If you've searched for SCI information, you've probably noticed most of it is written about complete injuries. The iconic image — paralyzed from the chest down, no movement, no sensation — dominates the conversation. Most of the clinical literature, peer support communities, and a frustrating share of medical advice is calibrated toward that picture.

But most spinal cord injuries are not complete.

According to the National SCI Statistical Center, roughly 68% of traumatic spinal cord injuries are incomplete. The majority of people with SCI are in a fundamentally different situation — different challenges, different recovery potential, different things to fight for — and there is far less practical guidance written for them.

This article covers what complete and incomplete actually mean, how to interpret your ASIA classification, and the four major incomplete syndromes in depth. It spends the most time on central cord syndrome, the most common incomplete injury — one that is routinely misunderstood, even by some of the clinicians treating it.


The ASIA Impairment Scale: What A Through E Mean

After a spinal cord injury, clinicians classify the injury using the ASIA Impairment Scale (American Spinal Injury Association). You'll see it written as AIS A, B, C, D, or E.

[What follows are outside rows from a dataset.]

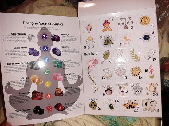 Each calendar features a diverse collection of 24 unique crystals, such as amethyst, rose quartz, and tiger's eye.Each crystal is handpicked for its distinctive healing properties and energetic vibrations, perfect for enhancing yourholiday spirit.
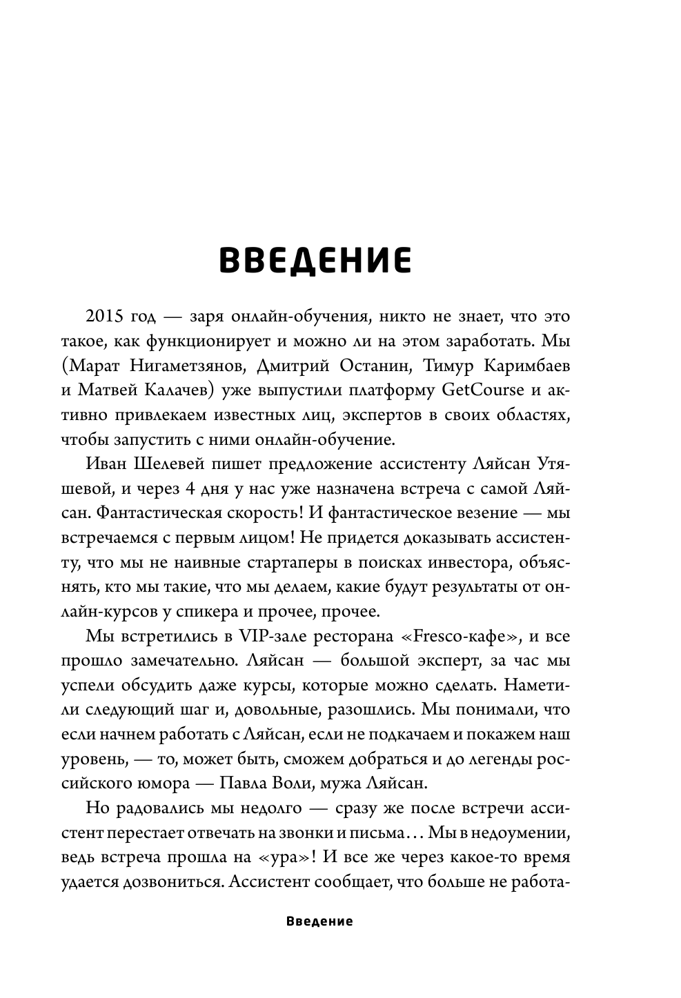 Это книга для тех, кто хочет быть успешен и вывести свой проект на новый уровень. Ведь мир бизнеса давно уже вышел за рамки офлайн. Теперь многие компании связывают свое будущее с онлайн-сферой, запуская проекты в Интернете, онлайн-курсы и онлайн-продукты. Книга от создателей одного из самых успешных проектов Рунета с миллионной аудиторией GetCourse как раз рассказывает о том, как запустить успешный онлайн-продукт - образовательный курс.
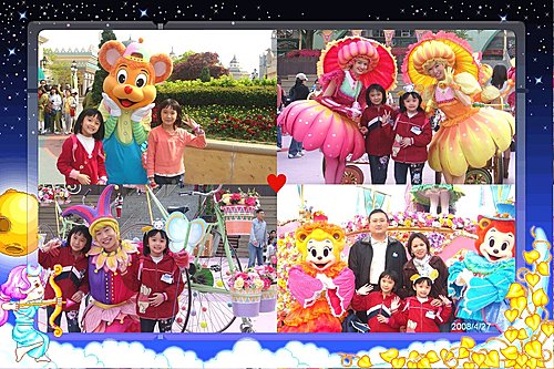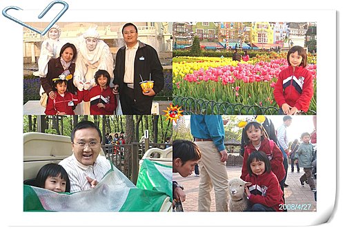 房姐給我們一份中文地圖,告知大概區域後,約定集合時間和地點,就帶我們去坐纜車。到愛寶必玩之處除了驚險刺激的外,就屬動物園了,我們排了近30分鐘才坐到車子,一定要坐靠司機那一邊因為司機會餵食灰熊,可愛的灰熊就拜託他多給些餅乾喔當然也有吃飽飽而不鳥人的傢伙,此時司機就會碎碎唸*%#※。還有獅子、老虎和他們生的小孩獅虎,在車邊晃來晃去呢。配合PEGGY和JENNY去玩了一些小人的遊樂設施,其實那些設施台灣幾乎都有,唯一差別就是服務人員,會唱歌、跳舞,動作很可愛喲(PS:台灣人加油!)。四季花園是愛寶樂園中最美的地方了,春天時開滿了各色的鬱金香。晚餐自理部份,我們吃了中國餐廳的雜醬麵(四季花園旁2F ),還不錯喔晚上遊行也滿精采的,可惜花車和布偶數量不多
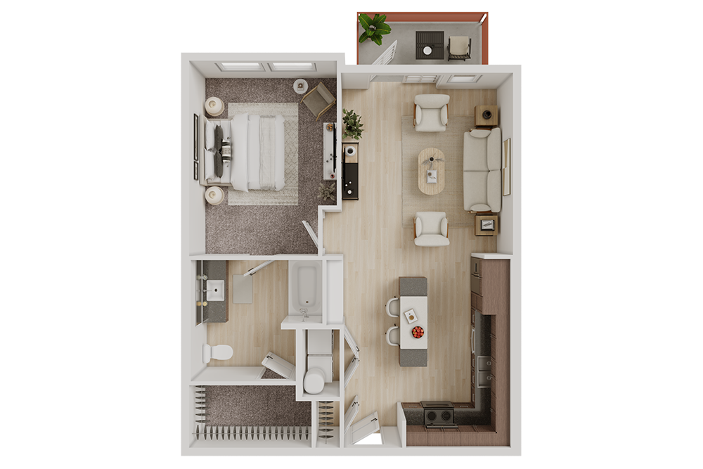 Freesia - Floorplan 2 Apartment Unit: 209Apartment Model: Freesia1 Bedroom, 1 Bath, 720 sq ftAvailable December 27, 2025Lily
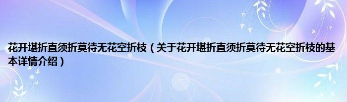 花开堪折直须折莫待无花空折枝(关于花开堪折直须折莫待无花空折枝的基本详情介绍)
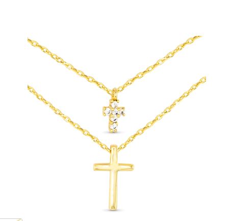 A beautiful way to display your faith with the Amanda Blu® Double Cross CZ Layered Gold Necklace. This double necklace is dipped in 18K gold and features sparkling cubic zirconia crystals. 18"L with extender.
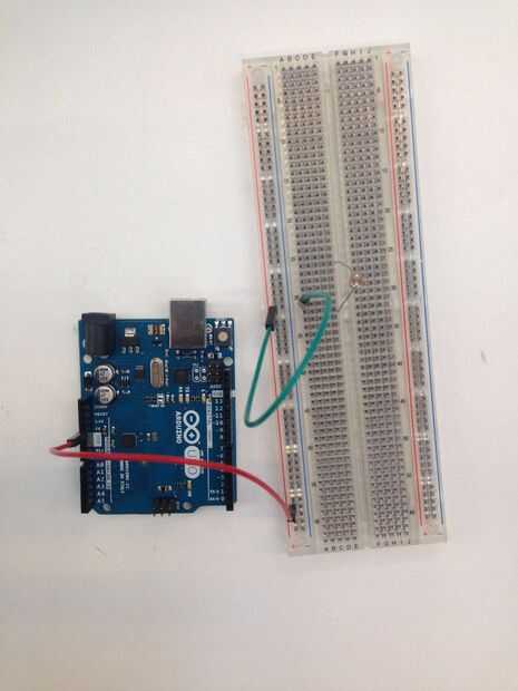 Luego montar el LDR y conecta en el riel de alimentación positiva de la placa. Nota: Conecte el nuevo cable (verde) en la misma fila de la protoboard como uno de los pernos de la LDR.
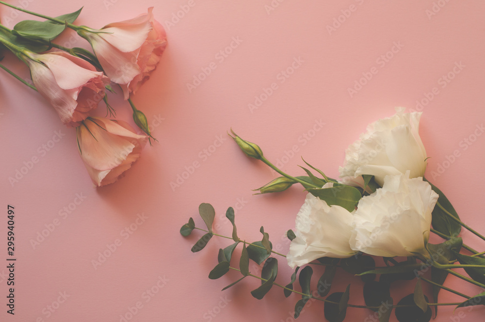 Beautiful pink eustoma flower (lisianthus) in full bloom with green leaves. Вouquet on pink background.

AIS A — Complete. No motor or sensory function is preserved below the level of injury, including in the sacral segments S4–S5. The sacral segments control perianal sensation and voluntary contraction of the external anal sphincter. If they're completely absent, the injury is complete.

AIS B — Sensory Incomplete. Sensory function is preserved below the injury (including sacral segments), but no motor function is preserved more than three levels below the injury. You can feel something — pressure, temperature, or pinprick — but nothing moves voluntarily.

AIS C — Motor Incomplete. Motor function is preserved below the injury level, but more than half of the key muscles below the injury have a grade less than 3 (can't move against gravity). Things are moving, but weakly.

AIS D — Motor Incomplete. Motor function is preserved below the injury level, and at least half of the key muscles below the injury have a grade of 3 or more (can move against gravity). Many people with central cord syndrome fall here.

AIS E — Normal. Motor and sensory function are normal. Used when someone had a documented SCI but has fully recovered neurologically. It does not mean "as good as before" — pain, spasticity, fatigue, and other effects often remain.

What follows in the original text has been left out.